## EXERCISE INSTRUCTIONS:
An exact copy of every record below is required, with the pictures left out.

(DATA SUPPLIED begins)

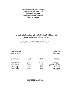 المذكرة بعنوان “إدارة محفظة الأوراق المالية على مستوى البنك التجاري”
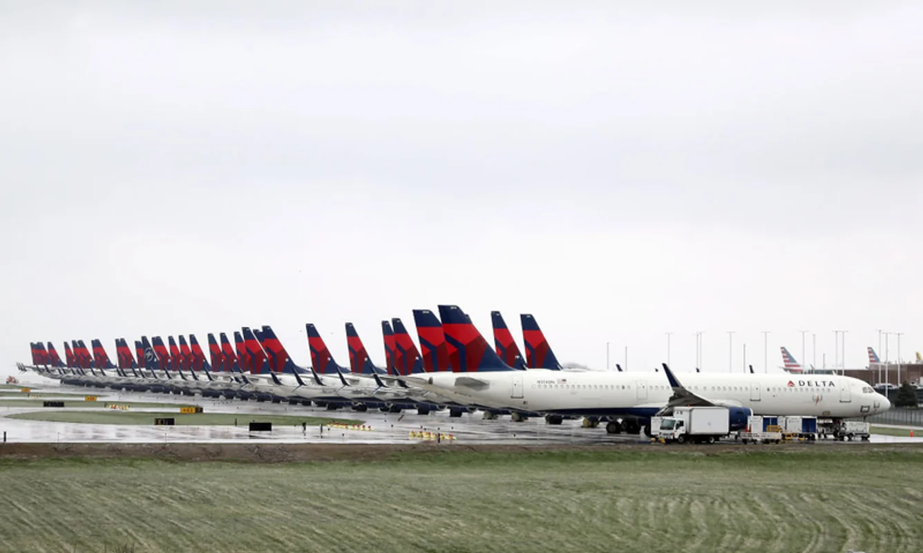 Samoloty należące do amerykańskich linii lotniczych Delta parkują na lotnisku w Kansas City w stanie Missouri. Pandemia uderzyła w pierwszej kolejności w branżę lotniczą, gdy kolejne kraje zaczęły ograniczać lub wstrzymywać ruch lotniczy. Międzynarodowe Zrzeszenie Przewoźników Powietrznych IATA szacuje, że linie lotnicze w 2020 roku mogą stracić 252 mld dol. przychodów. Delta straciła w marcu prawie 2 mld dol. i uziemiła połowę swojej floty, by zminimalizować straty. 3 kwietnia, Kansas City, Stany Zjednoczone
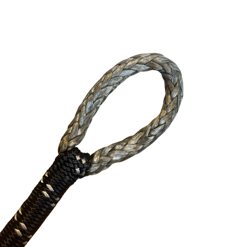 A core-only loop splice formed by stripping back the cover and burying only the high-tensile core into a large supple eye. This lightweight, flexible splice is perfect for cow hitching onto shackles, bars, or fairleads to reuse existing hardware without re-rigging. It retains nearly full core strength in performance running rigging but should be used where abrasion exposure is limited.
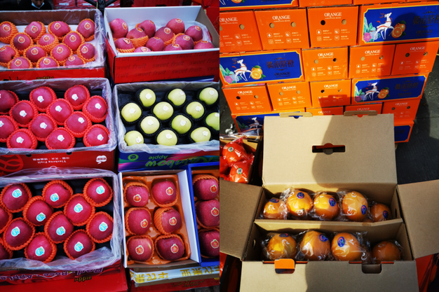 左:中国苹果礼盒装;右:赣南脐橙礼盒装
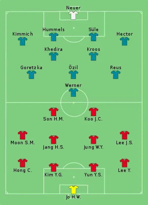 - Tactical Line-up – Group F – Korea Republic v Germany။ Fédération Internationale de Football Association (၂၇ ဇွန် ၂၀၁၈)။
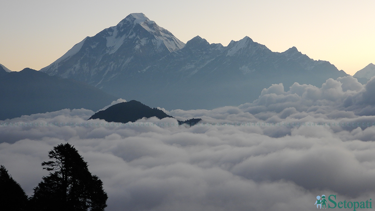 यहाँबाट ७ हजार २४६ मिटर अग्लो माउण्ट पुथादेखि माछापुच्छ्र्रेसम्मका दर्जनबढी हिमालहरू नजिकै देखिने रहेछन्। अन्नपूर्ण पहिलो र तेस्रो, धवलागिरी पहिलोदेखि छैठौंसम्म, चुरेन, निलगिरी, गुर्जा हिमालको दृष्यले मनै लोभ्याउने रहेछ। सूर्योदयसँगै हिमश्रृङ्खलामा बादलको लुकामारी सुरू हुन्छ। दर्जन हिमालहरू पालैपालो देखिन्छन्, पालैपालो लुक्छन्।
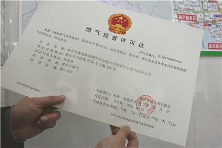 3月9日,嘉興客運中心LNG加氣站正式獲得由嘉興市城鄉規劃建設管理委員會核發的“燃氣經營許可證”,標志著客運中心LNG加氣站正式對外投入運營,這也是嘉興市區范圍內第一張LNG加氣站燃氣經營許可證。
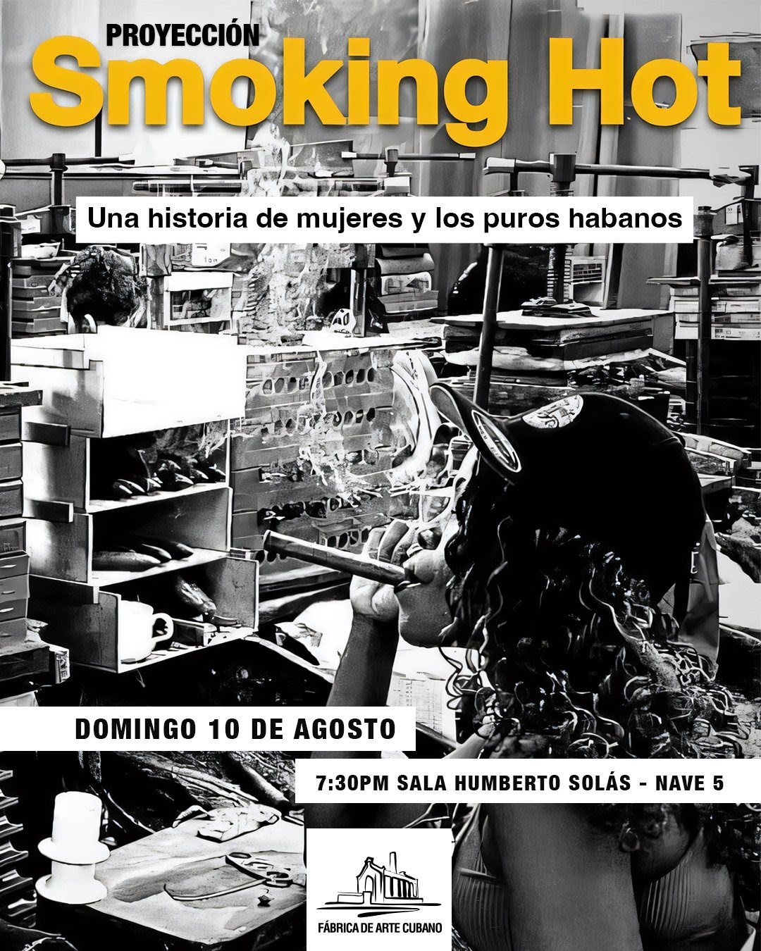 El espacio dedicado al cine proyectará en la noche dominical el documental Smoking hot: una historia de mujeres y los puros habanos, de la realizadora canadiense Andrea Malloni, explora la destreza de las hábiles torcedoras en La Habana, el trabajo de las féminas tabacaleras en el campo y la fábrica, el uso histórico de imágenes femeninas en la venta de puros, la experticia de las sommeliers y el surgimiento de una nueva imagen empoderada de la mujer, donde ese producto se convierte en un símbolo de seguridad en sí misma recuperada e igualdad.
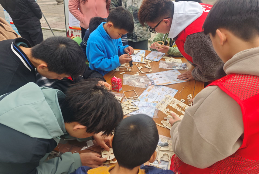 随后,志愿者们与社区儿童结成对子,开始教他们制作简易的机械作品。在志愿者的耐心指导下,孩子们充分发挥想象力和创造力,认真地动手操作,一步步地制作出属于自己的机械作品。活动现场充满了欢声笑语,孩子们在动手实践中感受到了科技的魅力和手工制作的乐趣,同时也锻炼了自己的动手能力和思维能力。
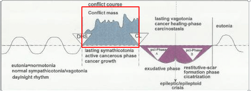 - Duygusal Çatışma: Her hastalık, beklenmedik, şiddetli ve izole edici bir travma sendromu (DHS) sonucu ortaya çıkar. Bu şok aynı anda psişe, beyinde ve ilgili organda başlar.
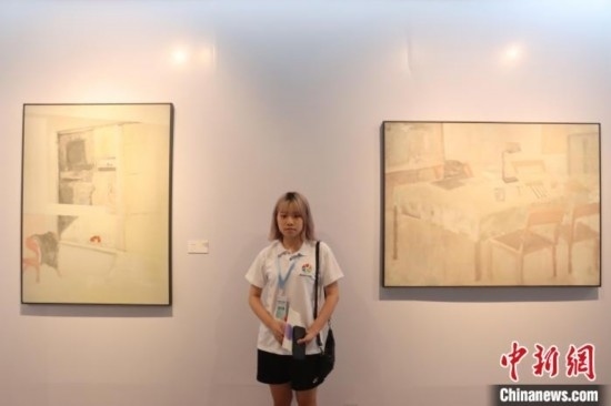 8月26日下午,廣東省廣州市,粵臺學(xué)子中華情——2023兩岸大學(xué)生文化藝術(shù)夏令營啟動儀式暨“融·合”兩岸大學(xué)生藝術(shù)交流展開幕式在廣東華僑博物館舉行。圖為臺灣學(xué)生在兩岸大學(xué)生藝術(shù)交流展作品前留影。吳善基攝
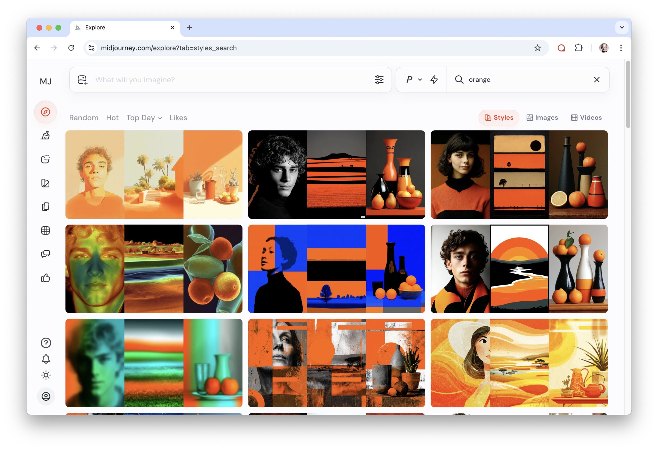 Auf der Midjourney Startseite wird für eingeloggten Kunden als Standard eine Auswahl beliebter Videos und Bilder angezeigt. Seit einigen Tagen findet man dort nun zusätzlich die Auswahl Styles:
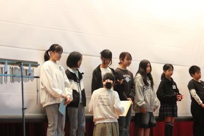 5年生は、ボディパーカッションを披露しました。音楽は一切なく、みんなの手拍子や体を打つ音での表現でした。5年生全員が一体に音を奏でる姿やそろって動く姿にみんな真剣な目で見入っていました。とてもすばらしい発表でした。
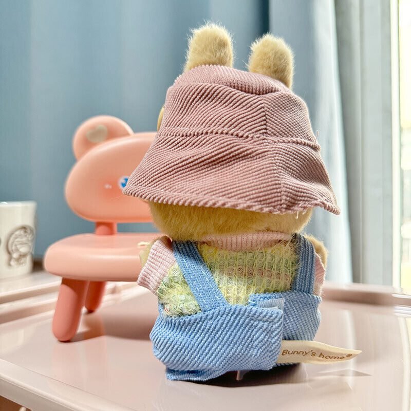 Dress your POP MART The Monsters Labubu doll in this charming pink corduroy jumpsuit and matching hat set, featuring a ‘love’ patch and star accent. (Note: Doll not included).
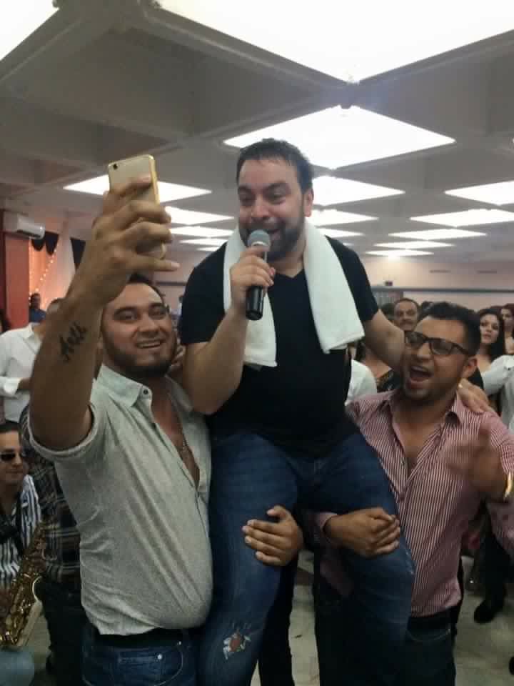 Artistul s-a lasat luat in brate de doi barbati pentru a face un selfie de senzatie. Nici macar in acele momente, Salam nu s-a oprit din cantat. Cu microfonul la gura si nelipsitul prosop atarnand in jurul gatului, a zambit pentru ca poza sa iasa perfect.
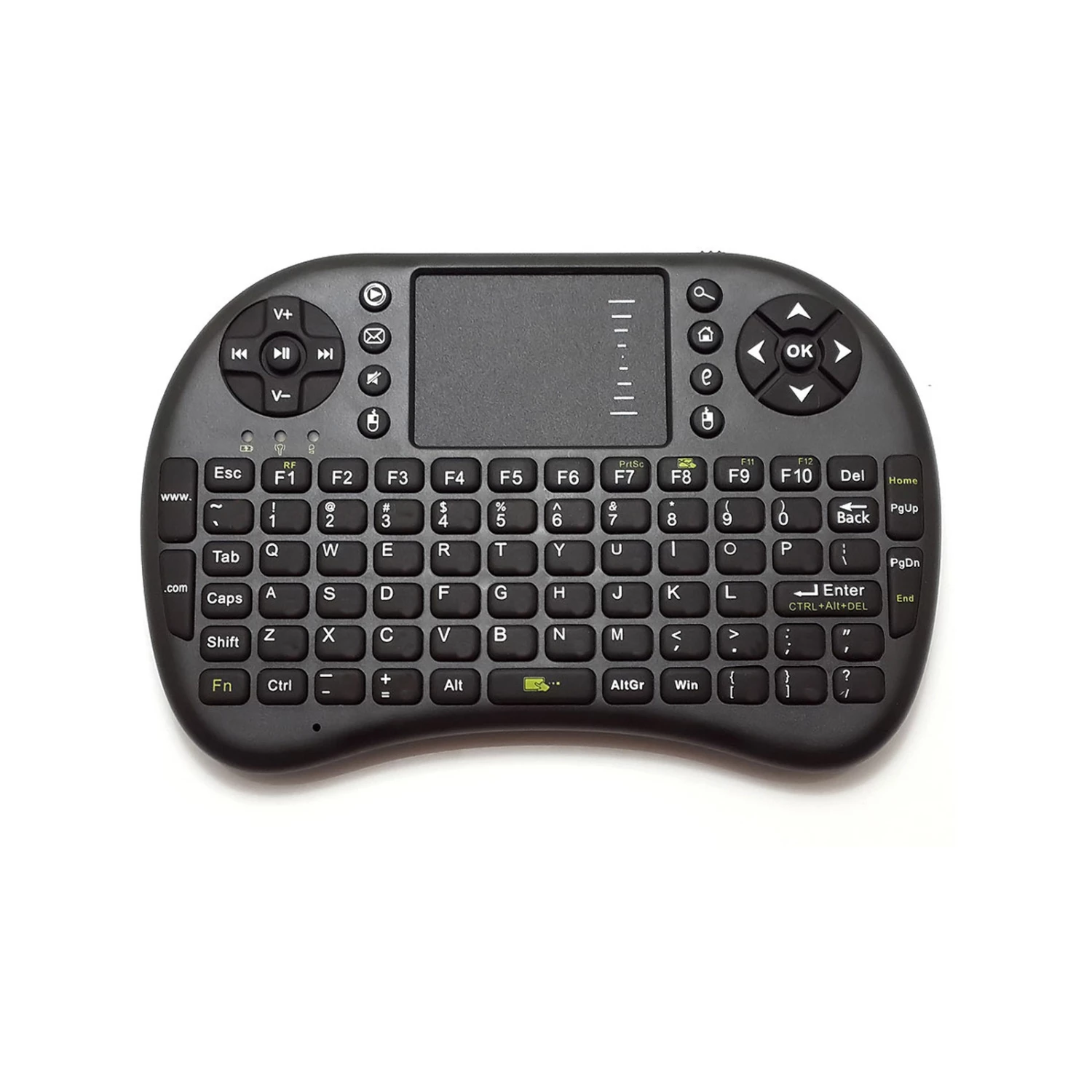 2.4GHz Mini Wireless KeyboardRechargeable BatteryTouch-pad MouseUnique Hotkeys + Media Player KeysUSB 2.0 ConnectivityRange up to 10mLED IndicatorsCharges via USB CableWindows / Mac / Linux CompatibleOperating Frequency: 2.4GHz RFOperational Range: 10mTransmit Power: +5 db max.Keyboard: QWERTYMouse: TouchpadSpecial Hotkeys: YesMedia Player Keys: YesShortcut Keys: YesLED Indicators: YesPower: Li-ion Rechargeable BatteryBattery: 3.7V, 800mAh, 2.96Wh Li-ionOperation Voltage: 3.3VOperation Current: <50mACharging Current: <300mASleep Current: <1mACharge: via USB 5V (Cable Supplied)Dimensions (W x D x H): 146.8mm x 97.5mm x 19mmWeight: 110gOperating System: Windows 2000 / CE / XP / Vista / 7 MAC OS x or Above Linux (Debian 3.1, Redhat 9.0, Ubuntu 8.10, Fedora 7.0)Connectivity: USB 2.0 Hi-SpeedContents: Mini Keyboard, Rechargeable Battery, USB Receiver, USB Cable, Manual
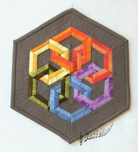 Dreidimensionale Wirkung in Quilts liebe ich sehr. Schon ein Grund, warum mir deine beiden Werke gut gefallen. Aber wenn ich dann erfahre, wie du daran herumgeknobelt hast, um das gleiche Motiv in zwei verschiedenen Techniken zu nähen - Bastelhexe, da kann ich fast nachempfinden, wie es in deinem Kopf gearbeitet hat.

(DATA SUPPLIED ends)

## WORKED SOLUTION:
 المذكرة بعنوان “إدارة محفظة الأوراق المالية على مستوى البنك التجاري”
 Samoloty należące do amerykańskich linii lotniczych Delta parkują na lotnisku w Kansas City w stanie Missouri. Pandemia uderzyła w pierwszej kolejności w branżę lotniczą, gdy kolejne kraje zaczęły ograniczać lub wstrzymywać ruch lotniczy. Międzynarodowe Zrzeszenie Przewoźników Powietrznych IATA szacuje, że linie lotnicze w 2020 roku mogą stracić 252 mld dol. przychodów. Delta straciła w marcu prawie 2 mld dol. i uziemiła połowę swojej floty, by zminimalizować straty. 3 kwietnia, Kansas City, Stany Zjednoczone
 A core-only loop splice formed by stripping back the cover and burying only the high-tensile core into a large supple eye. This lightweight, flexible splice is perfect for cow hitching onto shackles, bars, or fairleads to reuse existing hardware without re-rigging. It retains nearly full core strength in performance running rigging but should be used where abrasion exposure is limited.
 左:中国苹果礼盒装;右:赣南脐橙礼盒装
 - Tactical Line-up – Group F – Korea Republic v Germany။ Fédération Internationale de Football Association (၂၇ ဇွန် ၂၀၁၈)။
 यहाँबाट ७ हजार २४६ मिटर अग्लो माउण्ट पुथादेखि माछापुच्छ्र्रेसम्मका दर्जनबढी हिमालहरू नजिकै देखिने रहेछन्। अन्नपूर्ण पहिलो र तेस्रो, धवलागिरी पहिलोदेखि छैठौंसम्म, चुरेन, निलगिरी, गुर्जा हिमालको दृष्यले मनै लोभ्याउने रहेछ। सूर्योदयसँगै हिमश्रृङ्खलामा बादलको लुकामारी सुरू हुन्छ। दर्जन हिमालहरू पालैपालो देखिन्छन्, पालैपालो लुक्छन्।
 3月9日,嘉興客運中心LNG加氣站正式獲得由嘉興市城鄉規劃建設管理委員會核發的“燃氣經營許可證”,標志著客運中心LNG加氣站正式對外投入運營,這也是嘉興市區范圍內第一張LNG加氣站燃氣經營許可證。
 El espacio dedicado al cine proyectará en la noche dominical el documental Smoking hot: una historia de mujeres y los puros habanos, de la realizadora canadiense Andrea Malloni, explora la destreza de las hábiles torcedoras en La Habana, el trabajo de las féminas tabacaleras en el campo y la fábrica, el uso histórico de imágenes femeninas en la venta de puros, la experticia de las sommeliers y el surgimiento de una nueva imagen empoderada de la mujer, donde ese producto se convierte en un símbolo de seguridad en sí misma recuperada e igualdad.
 随后,志愿者们与社区儿童结成对子,开始教他们制作简易的机械作品。在志愿者的耐心指导下,孩子们充分发挥想象力和创造力,认真地动手操作,一步步地制作出属于自己的机械作品。活动现场充满了欢声笑语,孩子们在动手实践中感受到了科技的魅力和手工制作的乐趣,同时也锻炼了自己的动手能力和思维能力。
 - Duygusal Çatışma: Her hastalık, beklenmedik, şiddetli ve izole edici bir travma sendromu (DHS) sonucu ortaya çıkar. Bu şok aynı anda psişe, beyinde ve ilgili organda başlar.
 8月26日下午,廣東省廣州市,粵臺學(xué)子中華情——2023兩岸大學(xué)生文化藝術(shù)夏令營啟動儀式暨“融·合”兩岸大學(xué)生藝術(shù)交流展開幕式在廣東華僑博物館舉行。圖為臺灣學(xué)生在兩岸大學(xué)生藝術(shù)交流展作品前留影。吳善基攝
 Auf der Midjourney Startseite wird für eingeloggten Kunden als Standard eine Auswahl beliebter Videos und Bilder angezeigt. Seit einigen Tagen findet man dort nun zusätzlich die Auswahl Styles:
 5年生は、ボディパーカッションを披露しました。音楽は一切なく、みんなの手拍子や体を打つ音での表現でした。5年生全員が一体に音を奏でる姿やそろって動く姿にみんな真剣な目で見入っていました。とてもすばらしい発表でした。
 Dress your POP MART The Monsters Labubu doll in this charming pink corduroy jumpsuit and matching hat set, featuring a ‘love’ patch and star accent. (Note: Doll not included).
 Artistul s-a lasat luat in brate de doi barbati pentru a face un selfie de senzatie. Nici macar in acele momente, Salam nu s-a oprit din cantat. Cu microfonul la gura si nelipsitul prosop atarnand in jurul gatului, a zambit pentru ca poza sa iasa perfect.
 2.4GHz Mini Wireless KeyboardRechargeable BatteryTouch-pad MouseUnique Hotkeys + Media Player KeysUSB 2.0 ConnectivityRange up to 10mLED IndicatorsCharges via USB CableWindows / Mac / Linux CompatibleOperating Frequency: 2.4GHz RFOperational Range: 10mTransmit Power: +5 db max.Keyboard: QWERTYMouse: TouchpadSpecial Hotkeys: YesMedia Player Keys: YesShortcut Keys: YesLED Indicators: YesPower: Li-ion Rechargeable BatteryBattery: 3.7V, 800mAh, 2.96Wh Li-ionOperation Voltage: 3.3VOperation Current: <50mACharging Current: <300mASleep Current: <1mACharge: via USB 5V (Cable Supplied)Dimensions (W x D x H): 146.8mm x 97.5mm x 19mmWeight: 110gOperating System: Windows 2000 / CE / XP / Vista / 7 MAC OS x or Above Linux (Debian 3.1, Redhat 9.0, Ubuntu 8.10, Fedora 7.0)Connectivity: USB 2.0 Hi-SpeedContents: Mini Keyboard, Rechargeable Battery, USB Receiver, USB Cable, Manual
 Dreidimensionale Wirkung in Quilts liebe ich sehr. Schon ein Grund, warum mir deine beiden Werke gut gefallen. Aber wenn ich dann erfahre, wie du daran herumgeknobelt hast, um das gleiche Motiv in zwei verschiedenen Techniken zu nähen - Bastelhexe, da kann ich fast nachempfinden, wie es in deinem Kopf gearbeitet hat.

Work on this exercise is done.